In a Non-Clustered index, you are essentially creating a look-up reference for a series of records based on whichever field (piece of data) you index. Think of an index as an address book: You want to find out where your friend “Joe” lives, so you look up “Joe” in your address book. Now you know where he lives and you can go RIGHT to his house and not have to knock on every door in your town until you find him. 

Great so what is a Clustered index?

To further extend our analogy, not only do you have an address book to find Joe, but everyone in the neighborhood has been sorted alphabetically. In short, Joe’s house is right next to John’s house, which is right next to Jose’s house. This means that if you needed to visit all your friends who’s name begins with “J”, you can do it more quickly because they all live in the same neighborhood.

In the non-clustered index, John and Joe could live in opposite ends of town. In a clustered index, they are “clustered together” in the same neighborhood.

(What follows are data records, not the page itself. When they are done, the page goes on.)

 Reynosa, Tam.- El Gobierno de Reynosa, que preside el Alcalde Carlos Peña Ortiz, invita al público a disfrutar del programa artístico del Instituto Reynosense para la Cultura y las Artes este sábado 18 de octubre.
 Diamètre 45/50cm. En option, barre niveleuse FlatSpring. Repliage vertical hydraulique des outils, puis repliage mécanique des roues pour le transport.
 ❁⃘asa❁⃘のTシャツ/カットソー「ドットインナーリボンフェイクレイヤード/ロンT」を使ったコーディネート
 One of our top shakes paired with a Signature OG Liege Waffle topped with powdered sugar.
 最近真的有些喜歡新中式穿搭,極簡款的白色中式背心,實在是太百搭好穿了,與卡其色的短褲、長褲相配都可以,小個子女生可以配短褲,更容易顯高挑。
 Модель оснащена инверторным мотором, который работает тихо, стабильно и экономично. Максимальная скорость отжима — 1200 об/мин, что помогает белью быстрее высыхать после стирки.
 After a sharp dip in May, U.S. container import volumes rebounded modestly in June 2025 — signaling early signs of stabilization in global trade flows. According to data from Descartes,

Why would you choose one over the other?

Clustered:
Well, in a database, you can only have 1 field be clustered (actually you can, but that makes this harder to understand, so I’m glossing over it). Using our previous analogy of names, say our friends are named like this…

Joe Bob
John Zimmer
Jose Smith

You can tell them that all the people with first names beginning with “J” need to live in the same neighborhood. But you can’t also say that “Mary Barber” lives near “Joe Bob” because her first name begins with M. She lives in the “M” neighborhood.


Non-Clustered:
Lets face it, using our analogy, really, could also have a second address book that has everyone sorted by lastname first. This means, it’s easy for you to get “Mary Barber’s” address and then “Joe Bob’s” address, but it’s longer to visit them both because they are in different parts of town. The Non-Clustered Index, is just the address book.

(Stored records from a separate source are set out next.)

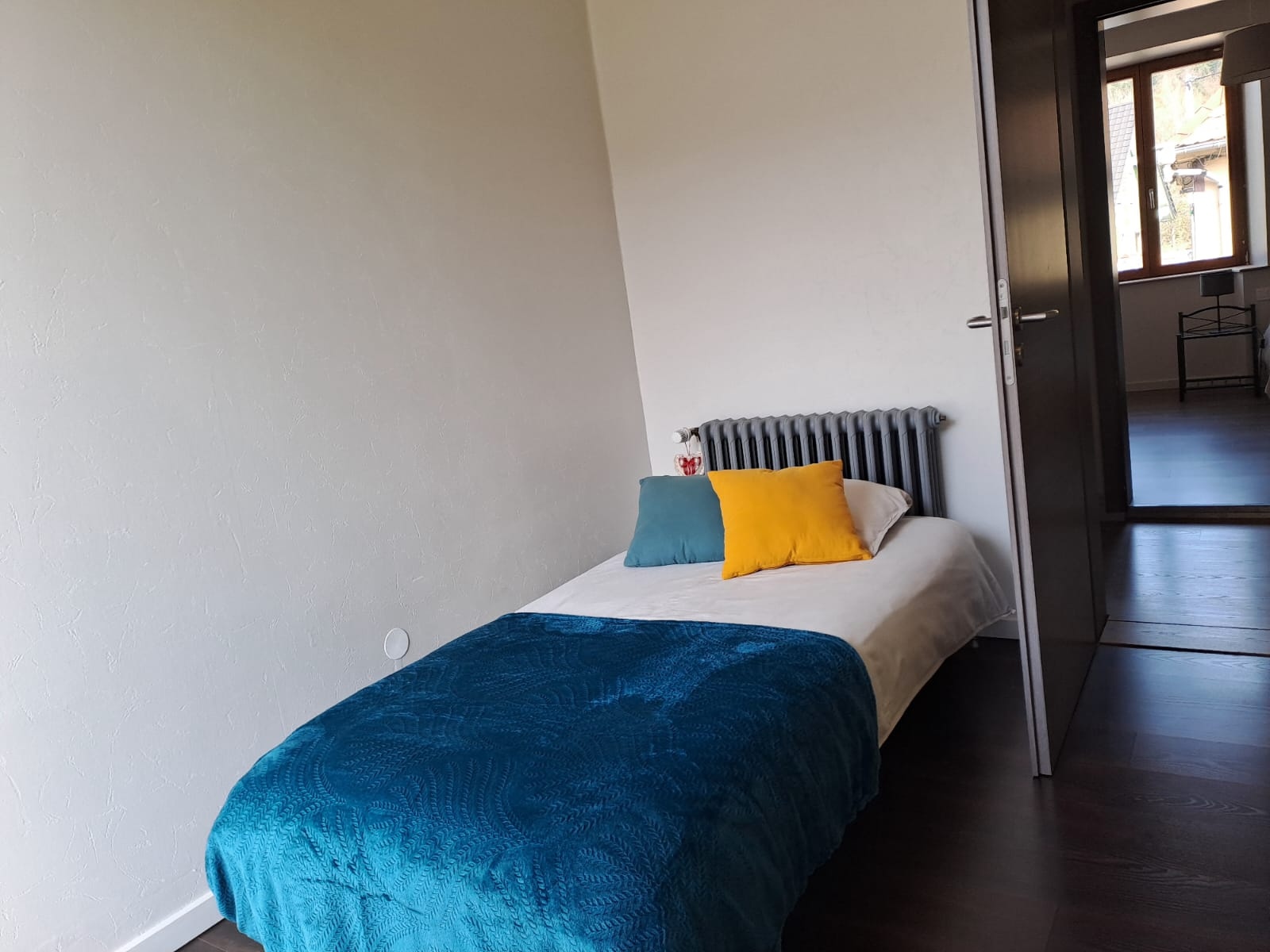Côté couloir, les 2 chambres, la salle de bain et les toilettes se situent en retrait de l'espace de vie, pour profiter du calme et de la quiétude de la maison!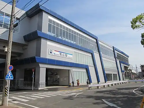 Aoyama Station (青山駅, Aoyama-eki) is a railway station operated by Meitetsu's Kōwa Line located in Handa, Aichi Prefecture, Japan. It is located 16.8 rail kilometers from the terminus of the line at Ōtagawa Station.[2]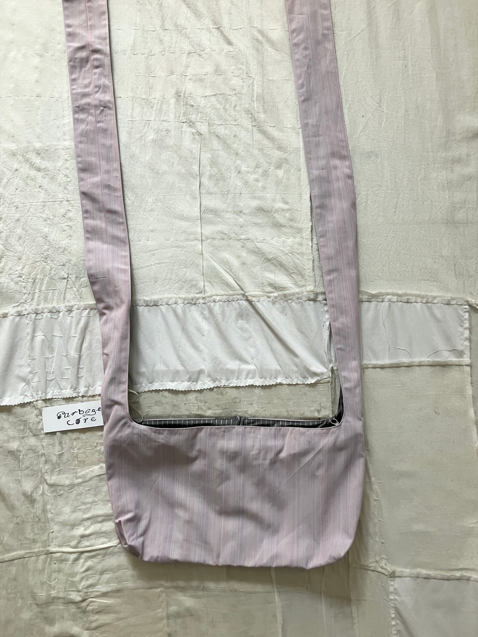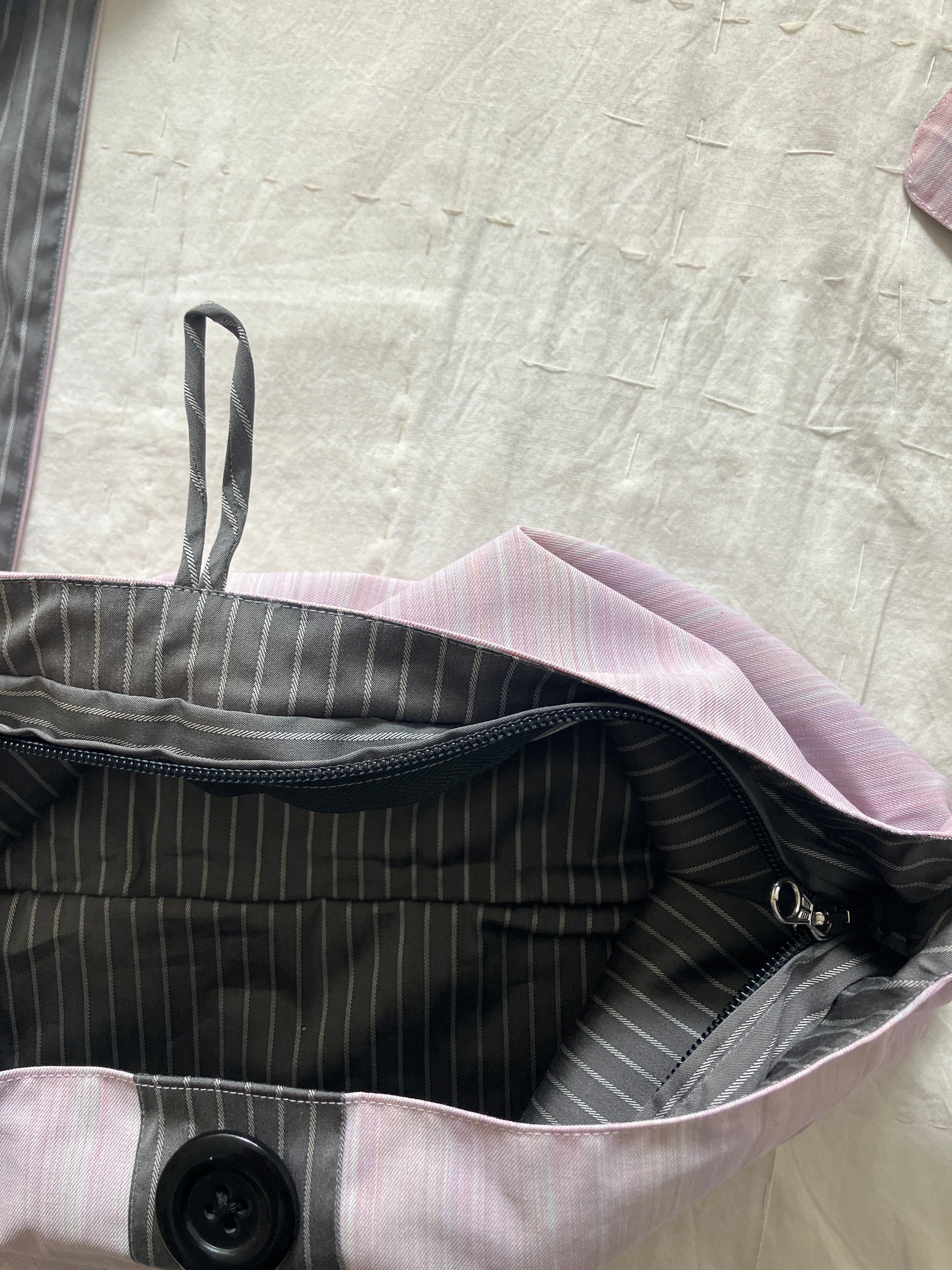 ピンクとグレーで、異なるストライプ模様の生地が組み合わされています。

Hopefully, this clears some things up for non-technical readers who hear their Database Administrator say “Yeah, I’ll just put a non-clustered index on the last name”. Then you can say, “Wouldn’t it make more sense to have last name be clustered?”

Are you the Database Administrator reading this? Let me know how miserable I’ve made your life by commenting below!

One Comment

  1. It's a good analogy. The main thing I see left out is the "why" one should care, what problem is one trying to solve.

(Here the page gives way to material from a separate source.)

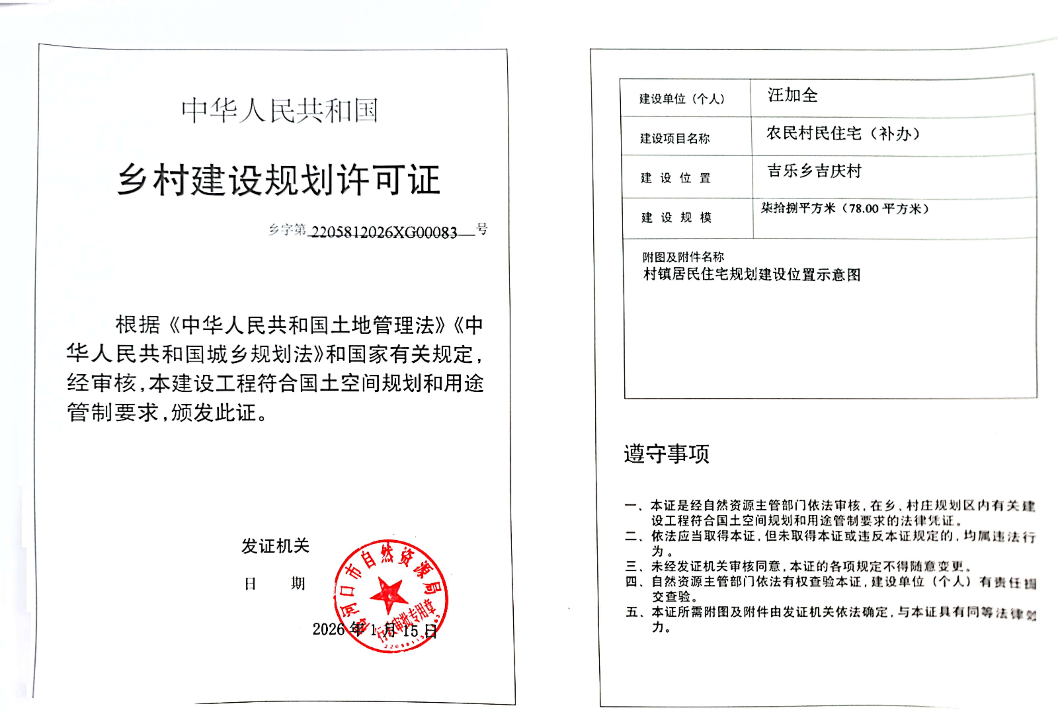 乡村建设规划许可证—汪加全

    The problem being solved is that it is possible for a query to find records quickly, but still take a substantial amount of time reading the data. Usually, this is a scaling problem. It doesn't matter when there are only 200 people in town (in your analogy), but it can cause the process to bog down and fail if one is really dealing with 300 million people across the country. Most db users won't see this effect except on the largest tables (or another field that should be indexed isn't indexed, and thus clustering makes the table scan go faster).

    But it isn't just the table size that's of concern, here. The "query size" also matters. There is no benefit from clustering if the result set of a query is very small (e.g., 1 to 10 records) or if the result set is very large (i.e., the query is stuck reading most of the table anyway).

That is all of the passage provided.